_Record excerpts_.
..............................

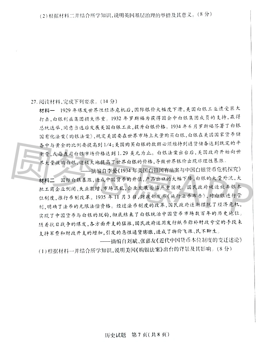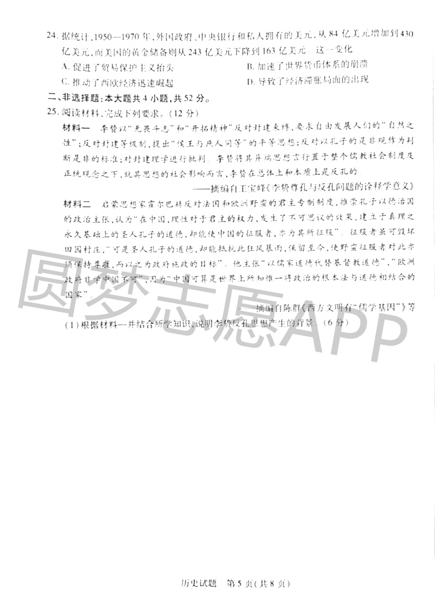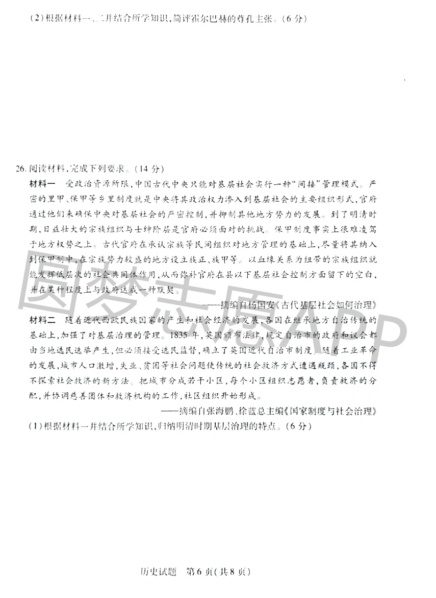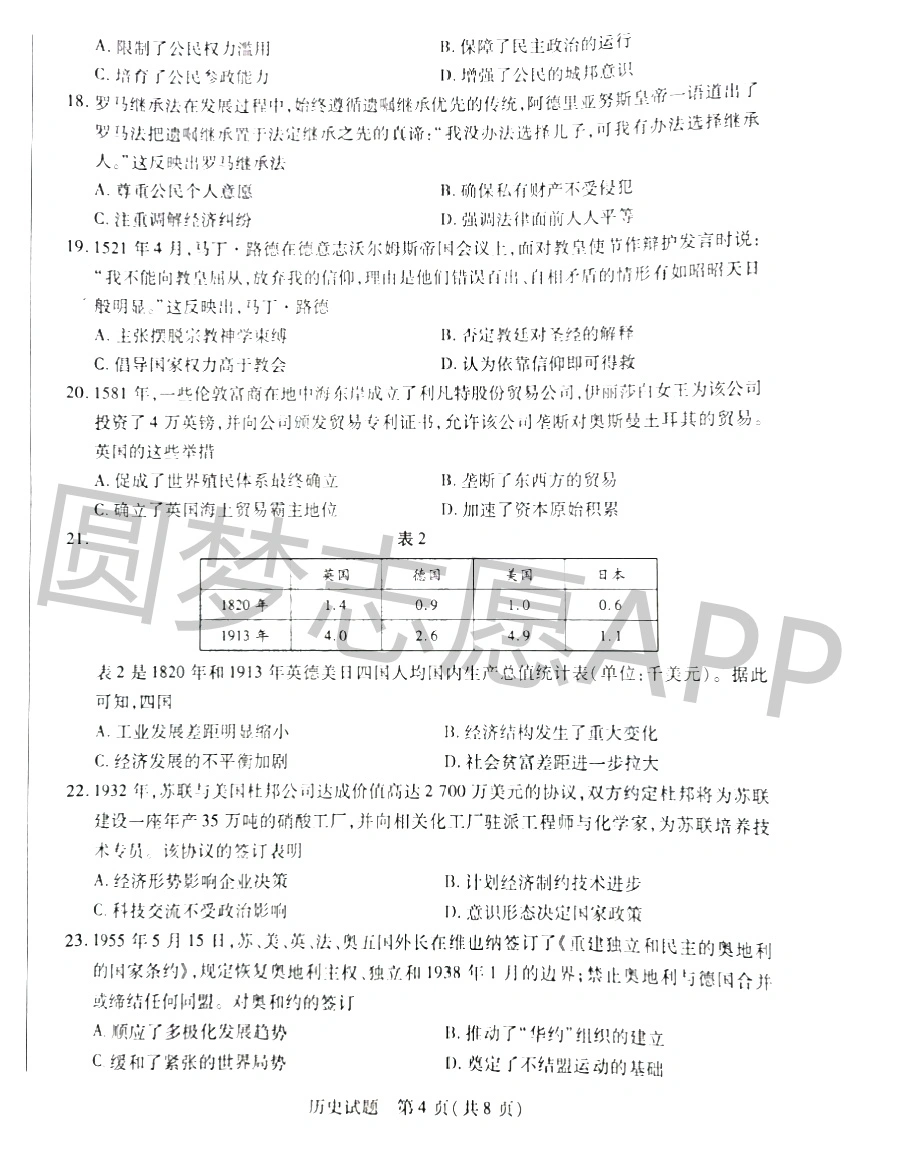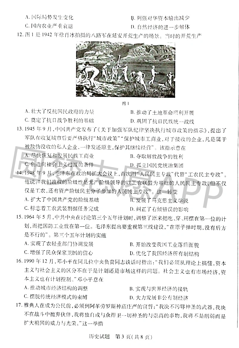 一、2023天一大联考高三期中考试历史试卷
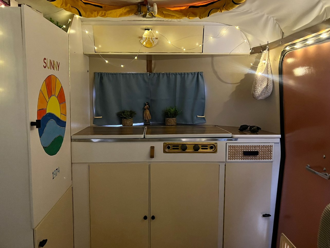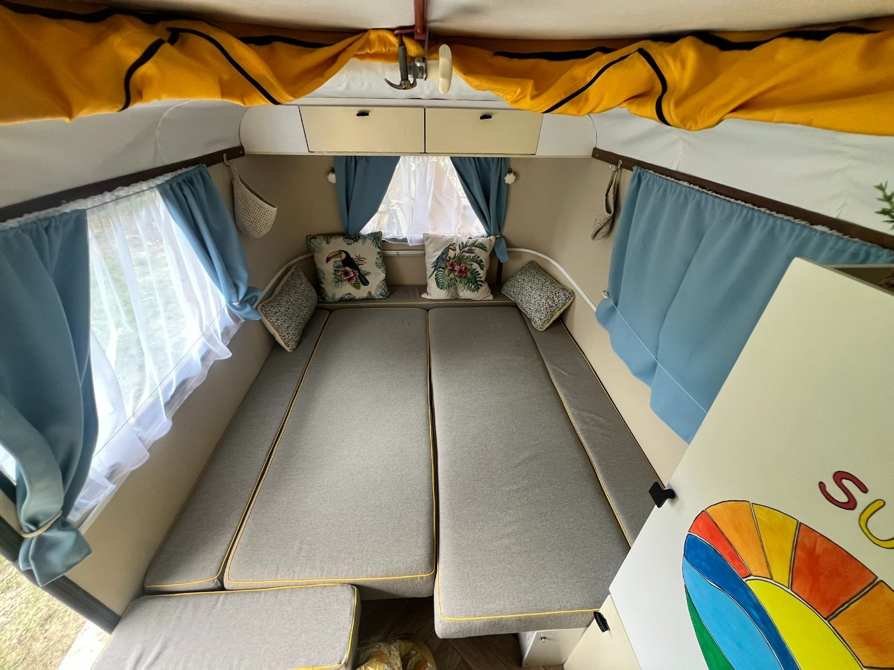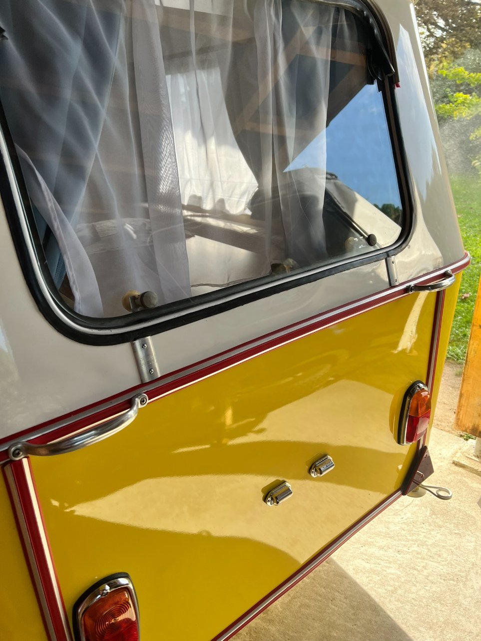 Et puis, qui dit "rétrocamping" dit... "dodo dans la Puck"... bon j'ai perdu mon mari en chemin, je ne pense pas qu'il se décide à y dormir, pfff, tout ça pour ça... ben m'en fiche, ce sera ma garçonnière (je sais pas comment on dit pour une fille) une caravane de celib' nah!!!
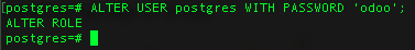 ALTER USER postgres WITH PASSWORD 'odoo';
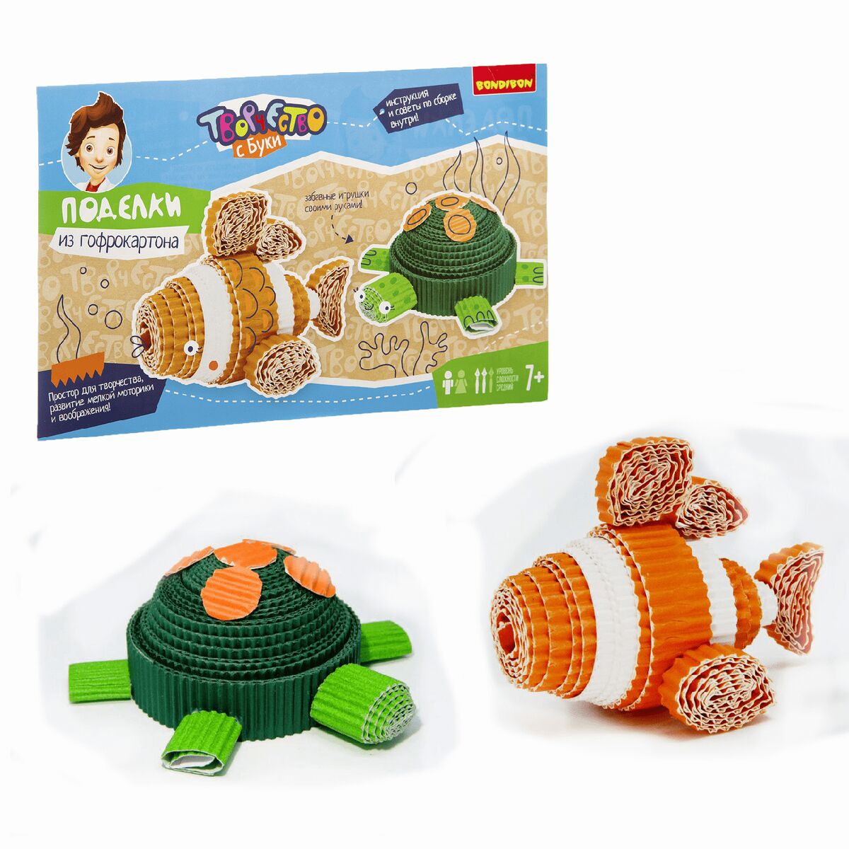 Набор для творчества ПОДЕЛКИ ИЗ ГОФРОКАРТОНА: ЧЕРЕПАШКА И РЫБКА серии Творчество с Буки от Бондибон – это интересный и полезный подарок для детей на утреннике в начальной школе.
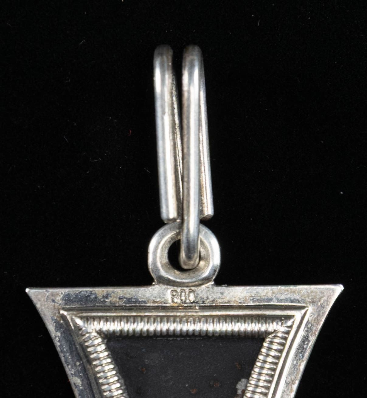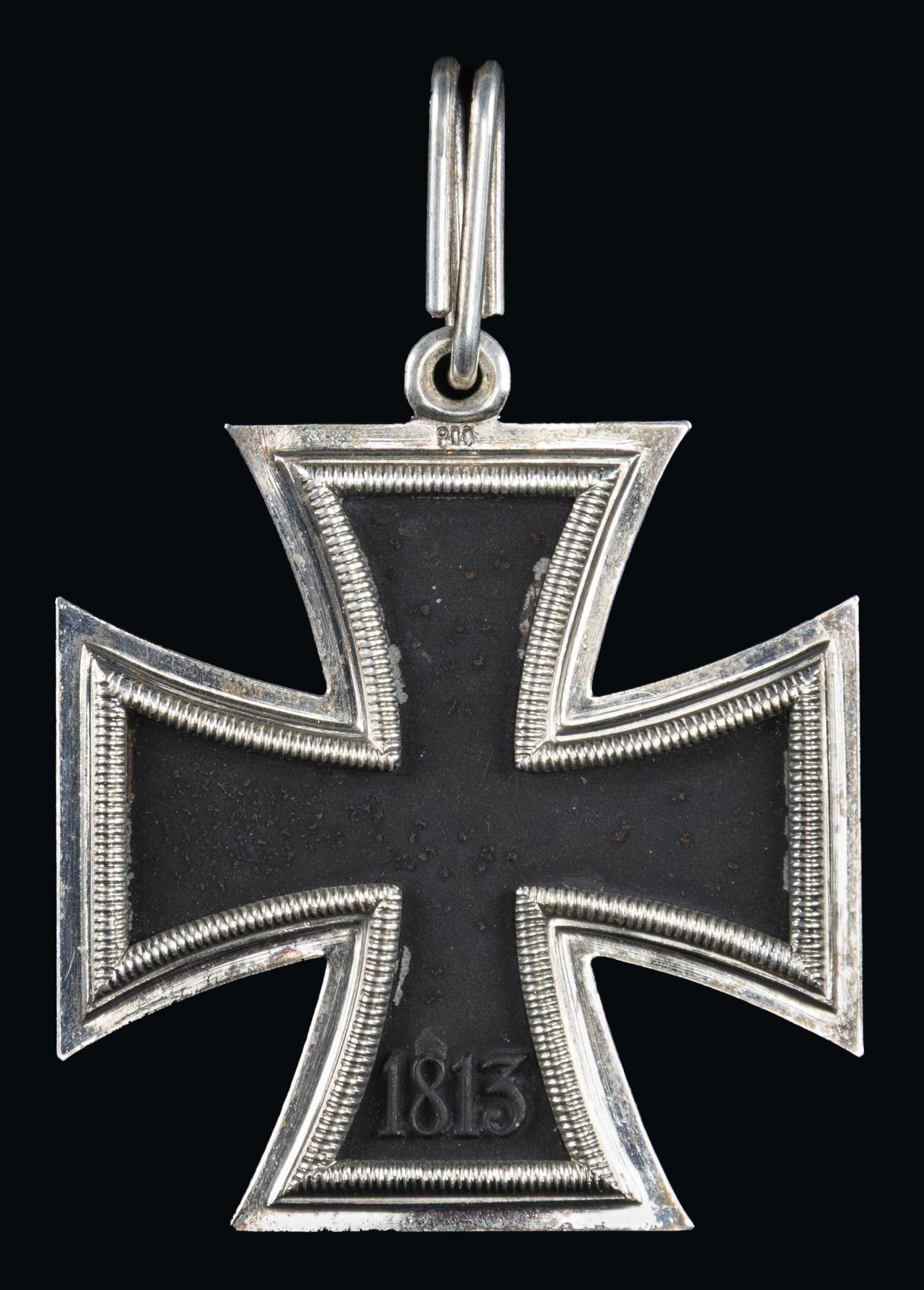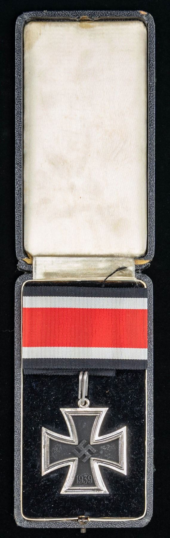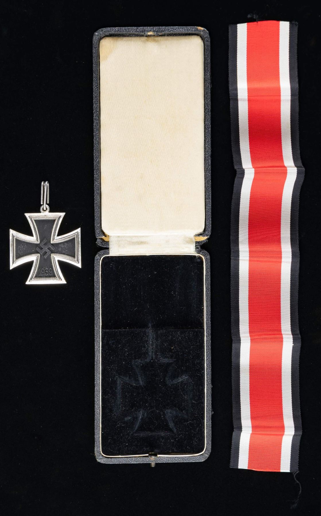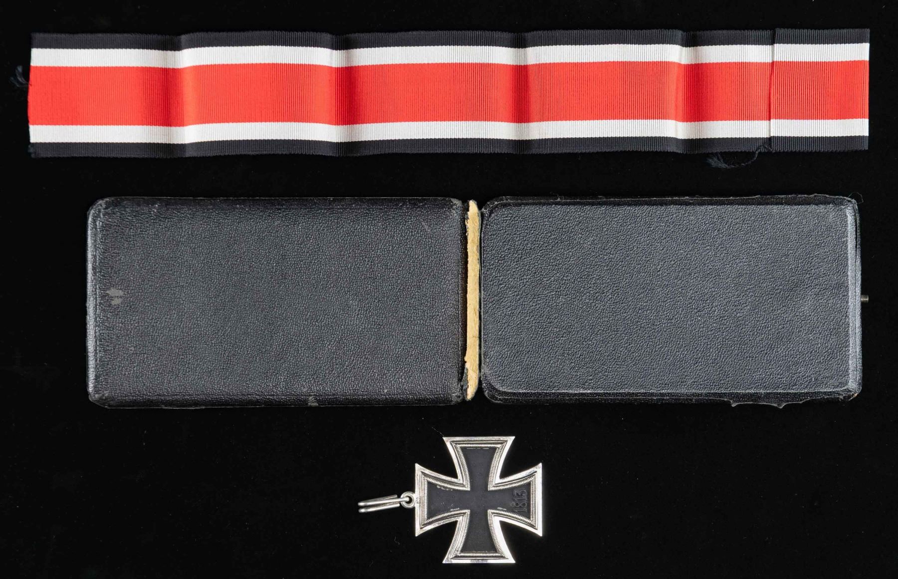 A wonderful original WWII German Knights Cross of the Iron Cross in its original black velvet-lined issue case that is covered in thin black patterned leather. The case measures 6" x 3 1/4" and the inner lid has a cream colored silk pad. The cross itself has a black center with a silver border, ring, and loop. The reverse is marked " 800 " just below the ring. The elongated oval silver loop is marked " 65 " and " 800 ", indicating manufacture by Klein & Quenzer of Idar-Oberstein, just east of Luxembourg. A nearly 16" length of neck size ribbon is folded at the top of the case. CONDITION: medal and ribbon show nearly no wear and are in superior condition. The case shows significant storage wear, and the hinged spine is broken but complete and likely repairable. Truly a magnificent example worthy of the most advanced collection. PROVENANCE: Estate Collection of John "Jack" Dhooghe. (02-25578-1/BF). NON-GUN. $8,000-12,000.

..............................

_Task to carry out_.
Above are records; repeat only the lines from the line with "ALTER USER postgres WITH PASSWORD 'odoo';" through the line with "Набор для творчества", and leave pictures out.

_Your solution_.
 ALTER USER postgres WITH PASSWORD 'odoo';
 Набор для творчества ПОДЕЛКИ ИЗ ГОФРОКАРТОНА: ЧЕРЕПАШКА И РЫБКА серии Творчество с Буки от Бондибон – это интересный и полезный подарок для детей на утреннике в начальной школе.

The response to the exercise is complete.